This article was posted at Catholic News Agency February 2, 2021.

Critics of the Southern Poverty Law Center (SPLC) say the organization has become extreme and “thoroughly disgraced,” after the center released its
2020 “census of hate groups,” which included numerous pro-life and family organizations.

Since 1990, the SPLC has issued an annual list of hate groups, listing organizations such as the Ku Klux Klan and neo-Nazis. More recently, however,
it has also included pro-life and pro-traditional marriage Christian organizations as “anti-LGBTQ hate groups.”

Many of these groups are well-respected, such as the Ruth Institute, Alliance Defending Freedom (ADF), Family Research Council, and several smaller
Christian churches.


“Influential anti-LGBTQ hate groups,” the latest SPLC report says, “became further entrenched in the Trump White House, and the Trump administration
continued its years-long pattern of appointing federal judges with ties to anti-LGBTQ groups. The most high-profile of these appointments was Amy
Coney Barrett, who joined the Supreme Court last fall and has ties to Alliance Defending Freedom, which SPLC has designated an anti-LGBTQ hate
group.”

Jeremy Tedesco, senior counsel for Alliance Defending Freedom, responded that “ADF is one of the nation’s most respected and successful Supreme Court
advocates, and has won 11 cases at the U.S. Supreme Court since 2011.”

“We work to preserve fundamental freedoms of speech, religion, and conscience for all Americans,” Tedesco told CNA. “Once a respected civil rights
organization, the Southern Poverty Law Center has destroyed its own credibility because of its blatant partisan agenda and discredited fundraising
scheme. It has devolved into a group that attacks and spreads lies about organizations and people who do not agree with its far-left agenda.”

ADF has created a website responding to the SPLC’s allegations.

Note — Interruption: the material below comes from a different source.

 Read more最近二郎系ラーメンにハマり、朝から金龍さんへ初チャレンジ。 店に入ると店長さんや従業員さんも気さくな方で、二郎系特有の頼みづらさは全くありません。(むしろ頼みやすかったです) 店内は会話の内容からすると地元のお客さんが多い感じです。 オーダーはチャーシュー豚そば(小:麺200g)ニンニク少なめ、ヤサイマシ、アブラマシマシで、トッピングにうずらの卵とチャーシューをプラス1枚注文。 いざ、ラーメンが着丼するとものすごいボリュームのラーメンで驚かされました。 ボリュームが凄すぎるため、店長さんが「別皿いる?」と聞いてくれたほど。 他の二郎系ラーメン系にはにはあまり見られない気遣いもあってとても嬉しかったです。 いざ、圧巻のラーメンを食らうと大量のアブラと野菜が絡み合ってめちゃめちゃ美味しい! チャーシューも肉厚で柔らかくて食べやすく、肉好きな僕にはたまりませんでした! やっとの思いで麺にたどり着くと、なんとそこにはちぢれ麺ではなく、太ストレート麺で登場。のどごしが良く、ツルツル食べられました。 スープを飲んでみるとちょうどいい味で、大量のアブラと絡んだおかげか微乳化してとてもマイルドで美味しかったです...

The most recent SPLC report was released February 1. It presents a series of proposals, including a demand that “public figures involved in inciting
and giving encouragement to the armed insurrectionists who stormed the U.S. Capitol on Jan. 6 — destroying property, injuring dozens of officers,
and leaving five people dead – should be permanently deplatformed from all social media. In addition, corporations should permanently suspend political
donations to Members of Congress and other elected officials that helped incite the violent siege and request that any past political donations
to their campaigns be returned.”

In 2019, the SPLC’s reputation as a watchdog of injustice and inequality suffered a major hit when co-founder Morris Dees was forced to resign after
serious allegations of racism and misogyny.

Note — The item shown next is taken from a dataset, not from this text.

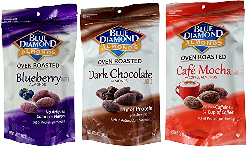 Blue Diamond Almonds VARIETY FLAVORS Blueberry, Dark Chocolate Flavor, Café Mocha Coffee Oven Roasted Almonds (Total of 6 / 5-Ounce Bags) is best for youVariety selection consists of 2 / 5-ounce bags EACH of Diamond Blueberry Oven Roasted Almonds, Blue Diamond Dark Chocolate Oven Roasted Almonds, and Blue Diamond Café Mocha Oven Roasted Almonds.

However, inclusion on the SPLC’s “hate group list” still has negative consequences. For example, online retail giant Amazon has used the list to disqualify
nonprofit organizations from using the “Amazon Smile” program to receive donations.

Last year, NBC reported as scandalous that as 14 organizations designated “hate groups” by the SPLC benefited from the Paycheck Protection Program,
designed to provide relief to small businesses affected by the coronavirus lockdowns.

Among the groups listed was the Ruth Institute, a pro-life organization based in Louisiana. Its founder and president, Dr. Jennifer Roback Morse, said
the group faced bad publicity and unfair bias from the report.

“NBC relies on the Southern Poverty Law Center for the ‘hate group’ designation. This just means the Ruth Institute is a group the SPLC hates. Big
deal. They raise a lot of money with their hate-mongering tactics. In 2018, their net assets were a half billion dollars,” Morse said.

Morse said “the Ruth Institute is a global, non-profit organization leading an international, interfaith coalition to defend the family and build a
civilization of love. If fighting sex abuse, pornography, and divorce makes us a hate group, so be it.”